# JD 3038E will not start. Just clicks.



## Pat E (Oct 1, 2020)

The 2013 JD 3038E tractor is currently at a local Brookside (70 miles north of Houston, TX) for the second time. I will include the timeline for the downtime below. My questions to all of the experienced folks on this site are:
Is this (over 3 weeks) considered normal for time to get a part?
Is there any way I can contact JD directly to push them on shipping the part?
How likely is this repair to fix the issue?
Do we have any other avenues to get this fixed or is Brookside the only authorized service organization?

Timeline:
9/1/20 – Tuesday - Called Brookside – Tractor won’t start. We scheduled a pickup.
9/10/20 – Thursday – Brookside picked up tractor. Brookside replaced 2 of the 3 identical relays.
9/25/20 – Friday – Brookside returned tractor. It started and ran. After using tractor for 3 nonconsecutive days, it would no longer start – same issue of clicking, but not starting. 
10/1/20 – Thursday - Called Brookside – Tractor won’t start again. We scheduled a pickup. No charge this time.
10/6/20 – Tuesday – Brookside picked up tractor.
10/7/20 – Wednesday – Brookside called and said they would have to replace the entire Instrument Cluster wiring. Part No. LVA14586. It should take about a week because they had to order the part.
10/14/20 – Not having heard from Brookside in a week, we called them, and they said that they were really busy, but it should be ready next week. No mention of the fact that they still didn’t have the part.
10/21/20 – Brookside called and instead of telling us our tractor was ready as we expected, they told us the part has been on backorder this entire time and they didn’t know when they would receive it. 
10/23/20 – Brookside called again to let us know that they have a promised ship date and the part was expected to arrive next week on Friday, October 30, 2020 and that they would get on it the following week. We still have no idea when we will get the tractor back and if this repair will actually fix it. In the meantime, we need the tractor for a project that has been delayed over two months as well as routine work that we have had to delay or pay others to complete for us. 
11/2/20 – Called Brookside. They still do not have the part. Now, the same guy is saying that it was expected on Saturday (when they were not open) instead of Friday as he said on October 23rd.
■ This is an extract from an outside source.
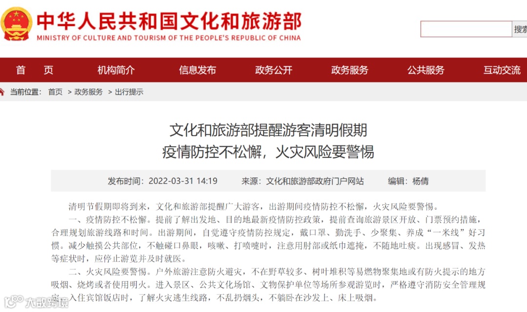 清明节假期即将到来,文化和旅游部提醒广大游客,出游期间疫情防控不松懈,火灾风险要警惕。
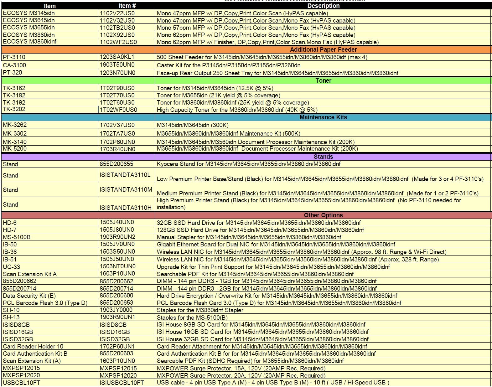 - Paper Handling Options: PF-3110 (500-sheet cassette x4)

Now, he expects that it will come today and when it does, he will check with the technician to see what he is working on to give us a better estimate of when they will be able to do the work. We will call back tomorrow.
11/2/20 – Brookside called back. They still do not have the part and it is on backorder again with no definite receipt date. They will call John Deere directly to see what can be done and get back to us in a couple of days!


----------



## jd110 (Nov 23, 2015)

There is no way to tell if the instrument panel will fix the problem without testing myself, but it is entirely possible. The instrument panel controls the ground for the starter relay. Transmission needs to be in neutral and pto needs to be off. If those two signals are going to the instrument cluster, then it provides a ground to the starter relay so tractor will start. It does appear there is no stock in any John Deere warehouse. Hopefully your wait won't be much longer. I assume they have done a dealer search to see if anyone would have one in stock? Possibly a used one could be found?


----------



## Pat E (Oct 1, 2020)

Thanks much jd110. I don’t know if they have done a dealer search, but maybe JD will when Brookside’s manager calls them. I will ask. Appreciate the info on how to check.


----------



## sixbales (May 18, 2011)

Your instrument cluster is obviously in high demand, which tells you that there are problems with it. It might be that JD has told the manufacturer to fix the problems before producing more of the SOS.


----------



## Fedup (Feb 25, 2014)

It always amazes me how tractor makers seem to go out of their way to complicate things with electronics. This would be a prime example. If the start signal passes through the required safety switches and then goes to ground in order to energize the start relay, fine. That's as it should be. Why should it need the approval of the instrument cluster? I think I would be looking for that wire, connecting it to a good ground, and put the tractor back to work. If you have other issues with the cluster that justify replacement, that's another matter.


----------